The Judgment Of Paris: The Blind Taste Test That Decanted The Wine World

May 24, 2016

(NPR) - It was the tasting that revolutionized the wine world.

Forty years ago today, the crème de la crème of the French wine establishment sat in judgment for a blind tasting that pitted some of the finest wines in France against unknown California bottles. Only one journalist bothered to show up – the outcome was considered a foregone conclusion.

"Obviously, the French wines were going to win," says journalist George Taber, who was then a correspondent for TIME magazine in Paris. He says everyone thought "it's going to be a non-story."

Taber did show up — as a favor to the organizers. And he ended up getting the biggest story of his career: To everyone's amazement, the California wines – reds and whites — beat out their French competitors.

"It turned out to be the most important event, because it broke the myth that only in France could you make great wine. It opened the door for this phenomenon today of the globalization of wine," Taber says.

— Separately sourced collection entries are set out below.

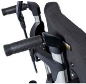
Empuñaduras ajustables en altura // QMP030204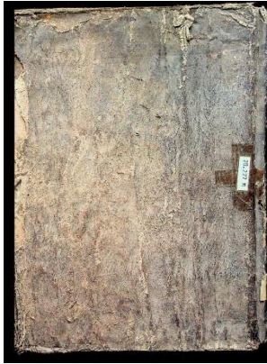
Gambar 1.1, (20.227M.) Cover Mushaf Al-Quran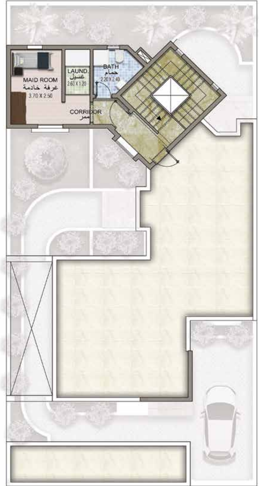
ROOF ANNEX PLAN

إخلاء المسؤولية - دار الأركان: ما لم يذكر خلاف ذلك أعلاه، جميع الملحقات والتشطيبات الداخلية مثل ورق الجدران والشريبات والأثاث والإلكترونيات والمفروشات والستائر وعناصر تنسيق المواقع الطبيعية والصناعية والأرضية والميزات، وحمامات السباحة وغيرها من العناصر المعروضة في الكتيب أو داخل عرض الشقة / الفيلا أو بين حدود قطعة الأرض والوحدة، لا تعد جزءاً من الوحدة القياسية وقد عرضت لأغراض توضيحية فقط. المناطق معروضة وفقاً لمخططات وقت الطباعة؛ وقد تختلف الأبعاد الفعلية في حالة التنفيذ النهائي، وليس المقصود منها أن تكون جزءاً من أي عقد أو ضمان.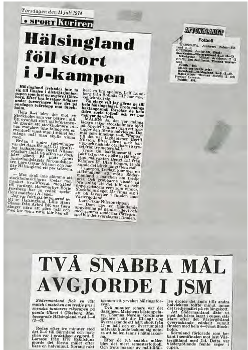
Några tidningsurklipp från Hälsinglands matcher.

I matchen om tredje pris mot Södermanland hamnade Hälsingland snabbt i ett tvåmålsunderläge och till slut blev det förlust med 3–0. Resultatmässigt långt ifrån vad de unga hälsingegrabbarna tänkt sig, men ingen kan ta ifrån dem att de faktiskt spelat ett slutspel på Gamla Ullevi.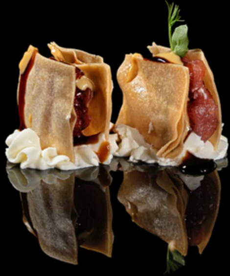
66. MILLEFOGLIE TONNO 2PZ € 5.50

Sfoglia di pasta fritta farcita con tonno e philadelphia, aromatizzata alla salsa teriyaki e miso

The Judgment of Paris, as that May 24, 1976, wine tasting has come to be known, began as a publicity stunt. Steven Spurrier, an Englishman who owned a wine shop in Paris, wanted to drum up business. So, prompted by Patricia Gallagher, his American associate, Spurrier decided to stage a competition that highlighted the new California wines they'd been hearing so much about.

Spurrier tapped nine of the most respected names in French gastronomy for the job. They included sommeliers from the best French restaurants in Paris, the head of a highly regarded French vineyard, and Odette Kahn, the editor of the influential Revue du vin de France (The French Wine Review.)